At the heart of Anglicanism

What’s at the heart of Anglicanism? Is it liturgy, bishops, Synods, robes and Prayer books? No doubt these are important, and they play an important role in the expression of Anglicanism and for ordering our corporate worship and common life. But they’re not the heart of Anglicanism. In this morning’s Bible exposition on Exodus 24, the Rev. David Short, Rector of St. John’s, Shaughnessy, of the Anglican Network in Canada, expressed the true heart of Anglicanism.
At the heart of Anglicanism is a message, God’s message of redemption to the world. The Gospel is the heart of Anglicanism. It is this message that was recovered for the church at the Reformation and so clearly expressed in the Anglican formularies, Articles and prayer book. It is a message that brings people from every tribe, nation, and language into communion with God and fellowship with one another.

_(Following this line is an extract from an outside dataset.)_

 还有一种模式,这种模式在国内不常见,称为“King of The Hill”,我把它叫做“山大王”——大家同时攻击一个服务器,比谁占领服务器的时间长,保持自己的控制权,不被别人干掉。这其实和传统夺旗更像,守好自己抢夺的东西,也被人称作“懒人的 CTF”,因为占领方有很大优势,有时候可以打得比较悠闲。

David Short powerfully and clearly expounded the Gospel of Christ from Exodus 24, showing us that God’s aim for human beings is to call for himself a people who will fellowship with him and one another, and enter his glorious presence forever. He does that through redemption, having rescued his people from the slavery of sin through the blood of the sacrificial Lamb of God. The death of Christ on behalf of his people expresses both the holiness of God as he judges sin, and the love of God as he acts simply by grace with no merit on our part to bring us to himself. This message is the heart of Anglicanism and the growth of Anglicanism worldwide is only where this message is clearly taught and lived out.

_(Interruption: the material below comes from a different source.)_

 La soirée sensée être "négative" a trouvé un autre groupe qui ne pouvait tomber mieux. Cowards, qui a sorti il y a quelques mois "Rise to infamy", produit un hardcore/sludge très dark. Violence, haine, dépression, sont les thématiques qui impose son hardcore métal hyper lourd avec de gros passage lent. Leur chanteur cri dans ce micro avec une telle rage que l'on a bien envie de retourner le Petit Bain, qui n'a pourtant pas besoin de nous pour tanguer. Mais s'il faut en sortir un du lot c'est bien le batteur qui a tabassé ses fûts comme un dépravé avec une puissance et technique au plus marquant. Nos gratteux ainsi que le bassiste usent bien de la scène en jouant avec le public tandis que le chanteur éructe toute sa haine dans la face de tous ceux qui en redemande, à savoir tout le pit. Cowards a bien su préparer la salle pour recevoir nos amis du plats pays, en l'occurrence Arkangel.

Those who have broken the fellowship of the Anglican Communion have done so precisely because they have rejected this message. TEC, the Anglican Church in Canada, and indeed all those who deny the message that is the heart of Anglicanism show they have never truly understood what it is to be a Christian, and what it is to practice true Anglicanism. Their revisionist canons, their revisionist liturgies, their policies of persecution of faithful Anglicans stand against them to their shame and show that it is they who have walked away from the Anglican Communion.